Reflections: So what did I learn from taste camp? Winemaking is a tough business, and the phrase, “winemaking starts in the vineyard”, may seem cliché, but indeed it is true. The vineyard management alone should frighten off all but the most dedicated and passionate. There are many decisions and tasks involved just with the vineyard management. Which site to select? Which varieties to plant, and then which clones? What about trellising—smart dyson to maximize production? Mow the lawn or let the weeds grow to soak up some unwanted moisture? Pick now or gamble on the weather? Needless to say, there are many more decisions to be made once grapes are harvested and then fermented and aged. Serious winemaking is not for the hobbyist, and even most seasoned veterans must be opened to changes if they wish to constantly raise the quality of their wines.

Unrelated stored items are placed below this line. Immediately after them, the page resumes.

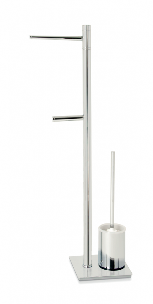 Escobillero con portarrollo y tollero de bidé giratorio, de esta manera se pueden orientar la barra del portarrollo donde se desee, ocupando el mínimo espacio.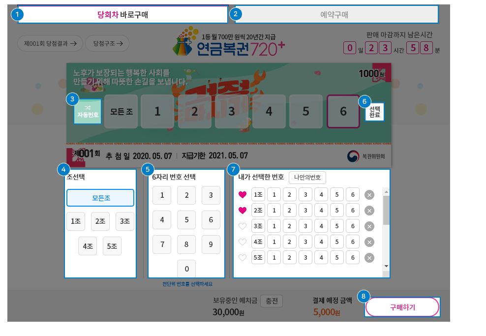 6. 선택완료 : 선택한 조와 6자리 번호를 확정합니다. 선택한 번호가 판매된 경우, 추천 번호를 자동으로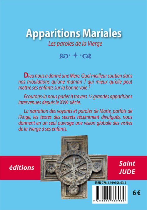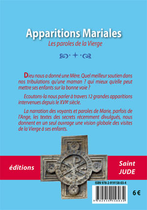 Les Apparitions de la Vierge à ses enfants, Messages de 12 grandes apparitions reconnues par l'Église depuis le XVIe siècle : - GARAISON - GUADALUPE - L'OSIER - Le LAUS - PARIS Rue du Bac - ROME, Alphonse Ratisbonne - La SALETTE - LOURDES - PONTMAIN - PELLEVOISIN - GIETRZWALD - FATIMA Pour chaque Lieu, l'ouvrage présente le lieu et le contexte des apparitions, la narration des voyants, les paroles de la Vierge et les textes des secrets récemment divulgués.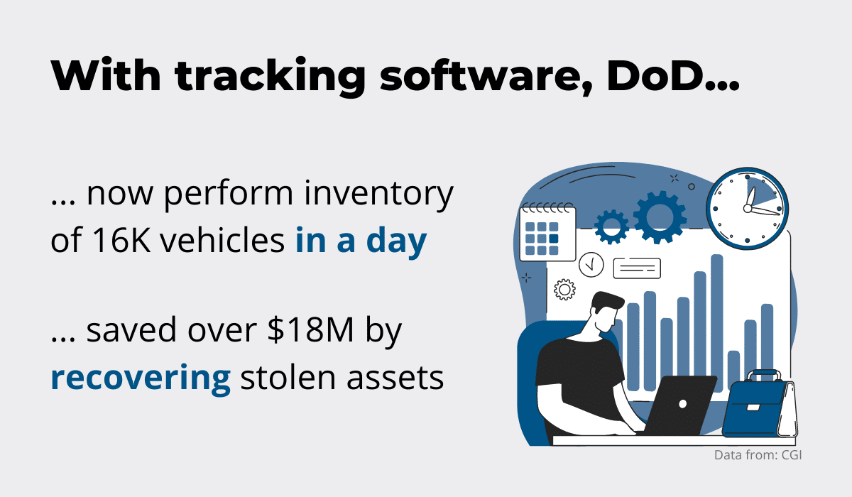 Once the Department of Defense (DoD) adopted asset tracking for their 16K vehicles, they achieved impressive results, conducting their inventory in a day where it once took them a year to complete it.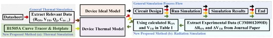 - Thermal Strategy: This involves calibrating the power device using the B1505A curve tracer (Keysight, Santa Rosa, CA, USA), with the device placed on a hot plate for high-temperature testing. The resulting characteristics, typically not provided in the datasheet, are then applied in thermal simulation using a system-level simulation tool.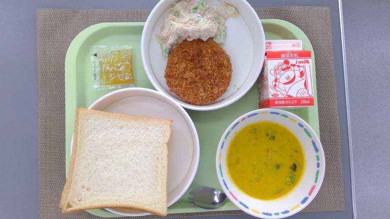 食パン リンゴジャム ハムカツ ツナサラダ かぼちゃミルクスープ 牛乳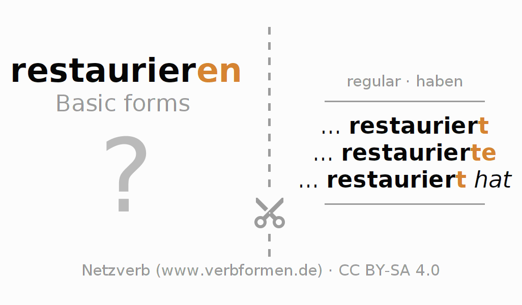 Worksheets are used generally for the conjugation of the verb restaurieren in teaching. The materials can be used as Open Educational Resources (OER) for exercises, for games and as Tasks (CC BY-SA 4.0). There are many different types of tasks available for the verb restaurieren. These are overview sheets with complete conjugation, puzzles and games that require joint learning. The entire educational material is available for free as a PDF download, as pictures and as an interactive browser version. In addition to the tasks, countless examples for restaurieren also provide an aid to using the verb.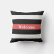 Carreau extérieur bienvenu rayé blanc et rouge noir. L'accueil apparaît sur une rayure rouge dans les lettres blanches.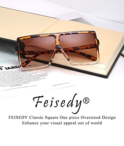 FEISEDY Women Square Oversized Sunglasses Flat Top Fashion Big trendy Large Frame UV400 B2539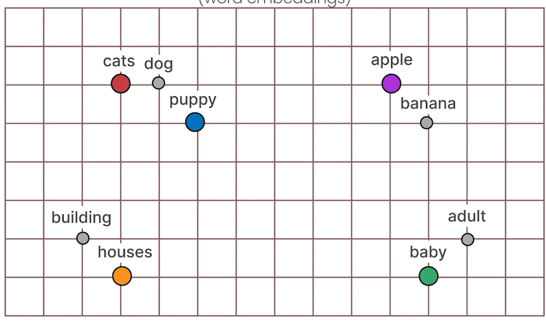 newborn, animal... 등의 속성을 가지고, 높은 연관성이 있는 속성의 값이 높은 것을 확인할 수 있다. 이 차원수를 embedding dimension이라고 한다. dimension은 수백, 수천개가 되기도 한다.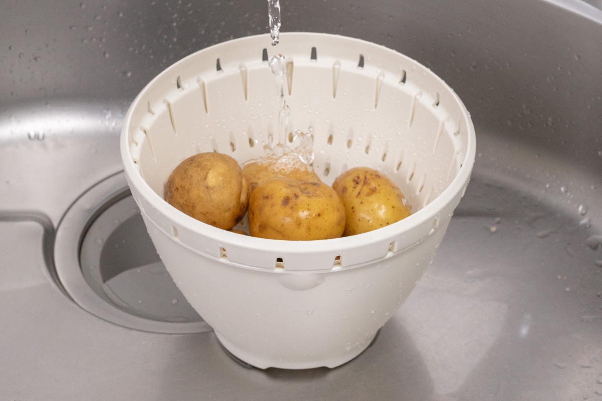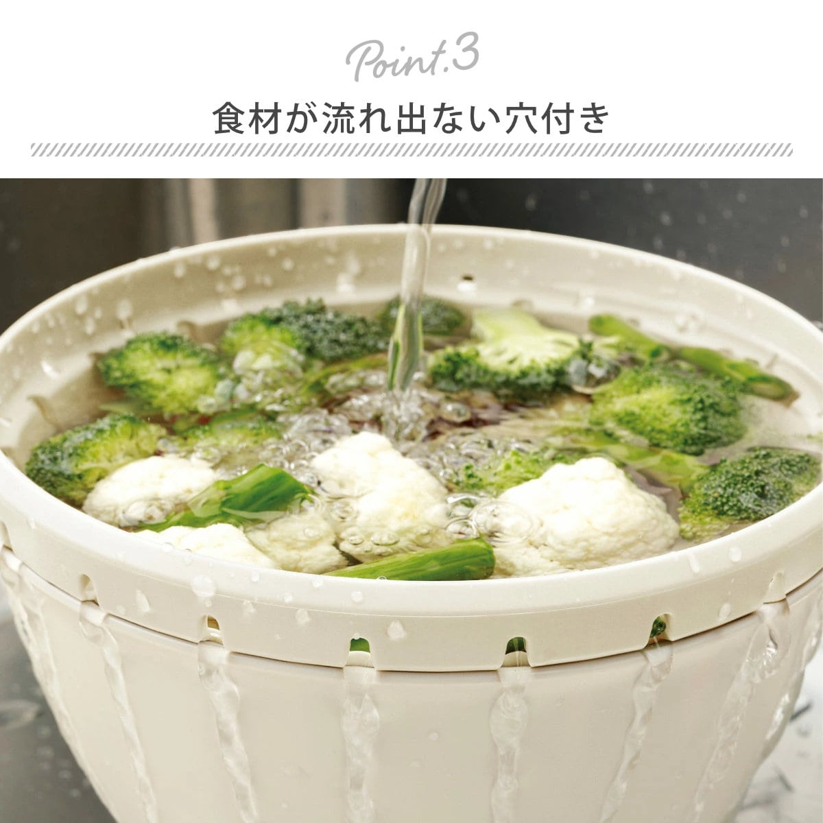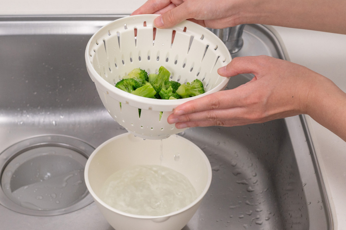 コランダーに空いた穴から水が流れるので、ボウルを重ねたまま水を注いでも食材があふれません。流水解凍時にも活躍します。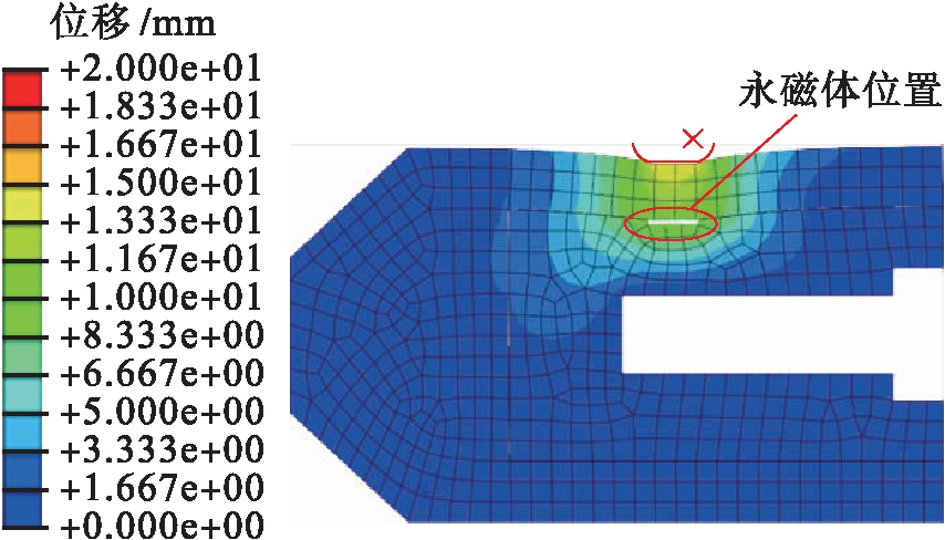 因一般硬质聚酯型聚氨酯密度在20~160 kg/m3之间,由此得到不同密度下的抗压弹性模量,并以此作为聚氨酯材料的属性进行模拟.假设外层聚氨酯泡沫密度ρ1为80 kg/m3,内层聚氨酯泡沫密度ρ2为40 kg/m3;模拟管道残余物厚度15 mm,位于传感器单元正上方,管道内径为262 mm,内层与外层聚氨酯厚度相同,均为45 mm.通过ABAQUS数值模拟检测器的型体变化情况如图2所示,此时外层聚氨酯与内层聚氨酯结合处(永磁体放置的位置)位移为10.461 6 mm.
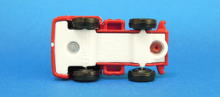 前述のとおり、実車のトラクターは、スウェーデンの「スカニア」(SCANIA)製となっているものと思われますが、トミカでは、実車のトラクターの車体デザインが忠実に再現されているわけではなさそうで、トミカのトラクター底面には、特にトラクターのメーカー名の刻印はありません。
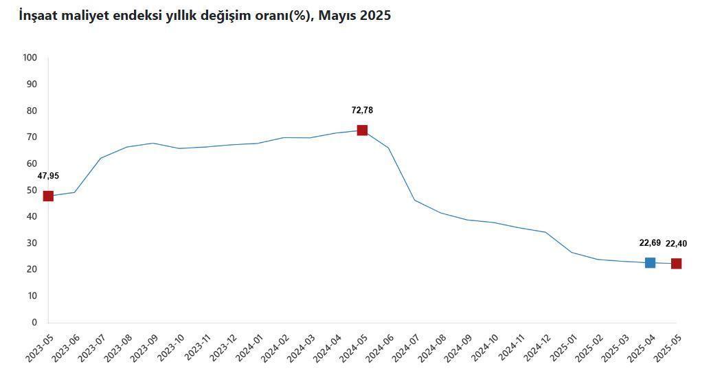 TÜİK, Mayıs 2025 dönemine ilişkin inşaat maliyet endeksi verilerini açıkladı. Buna göre; inşaat maliyet endeksi, bir önceki aya göre yüzde 0,88, bir önceki yılın aynı ayına göre yüzde 22,40 arttı. Bir önceki aya göre malzeme endeksi yüzde 1,09, işçilik endeksi yüzde 0,52 arttı. Bir önceki yılın aynı ayına göre malzeme endeksi yüzde 17,81, işçilik endeksi yüzde 31,39 arttı.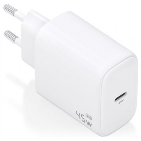 Cargador GaN USB-C 45W para cargar portátiles, móviles, cámaras y tablets etc. Diseño muy elegante, moderno y práctico.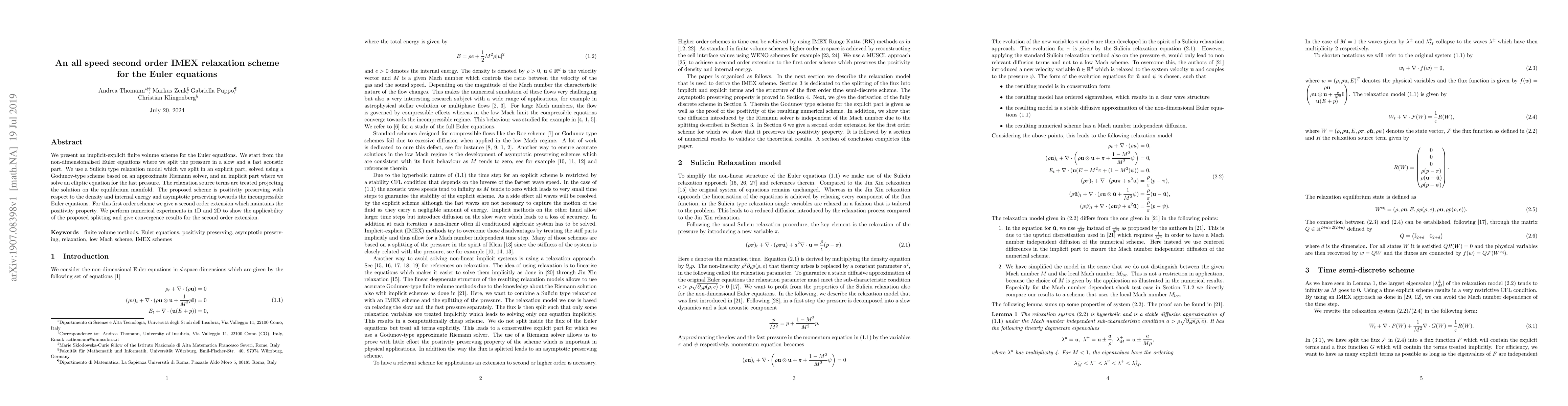 This paper introduces an implicit-explicit finite volume scheme for the Euler equations, splitting pressure into slow and fast parts. The scheme maintains positivity for density and internal energy and is extended to second order while preserving these properties, validated through numerical experiments.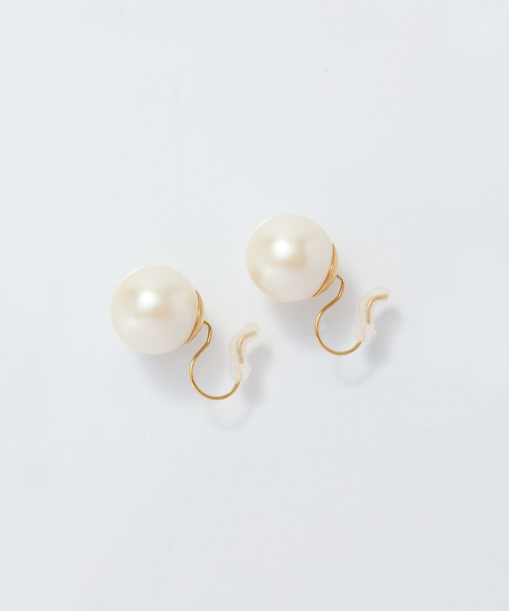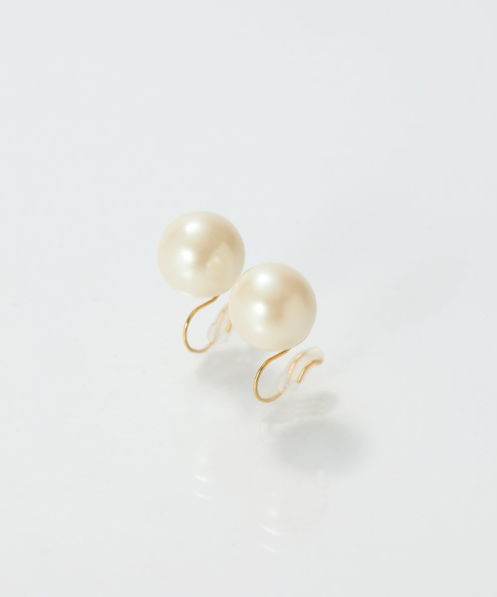 【大粒の一粒パールが華やかな、サージカルステンレス素材のライトフィットイヤリング】

I also learned that Virginia winemakers are still sorting out what varieties work for Virginia, and this seems to be a site-by-site decision. Jordan Harris will be focusing more on Rhone varieties while Law will intensify his focus on merlot and chardonnay. Doug Fabbioli, the Bootstrapper, will continue to innovate not only with traditional viniferous grapes but also with hybrids (like chambourcin) as well as fruit wines. Ben Renshaw enjoys the challenge of vineyard management and seems to revel in working with a more diverse crop—his favored Tranquility site grows traditional grapes such as cabernet sauvignon while the Goose Creek vineyard located across the road produce German varieties such as lemberger and dornfelder. What was a common thread between all of these winemakers? The sense of passion that even the most oblivious would have noticed.

Buzz: So which wines generated the most buzz? I tried to document as many comments as possible, so it is likely that I missed a few of the hitmakers from the weekend. With that in mind, here is my list of all-stars that generated the most buzz:

2010 Ankida Ridge Pinot Noir
2011 Boxwood Rose
2007 Boxwood Red (actually a split between this and the 2007 Topiary)
2011 Blenheim Rose
2002 Breaux Reserve Merlot
2001/2005 Breaux Nebbiolo
2008 Linden Hardscrabble Red
2009 Linden Hardscrabble Chardonnay
2010 North Gate Rousanne
2011 Stinson Sauvignon Blanc
2007 Tarara Syrah
2011 Tarara Petit Manseng
2011 White Hall Viognier
2010 Zepahiah Farms Chambourcin Reserve

TasteCamp offered an opportunity for campers to learn (and taste) more about winemaking in Virginia. We thank the TasteCamp organizers for planning this event, and we encourage readers to visit Virginia wineries to sample the latest releases. Create your own buzz (uh-a list of favorite Virginia wines, course). Remember to mention to the winemakers that Virginia Wine Time sent you.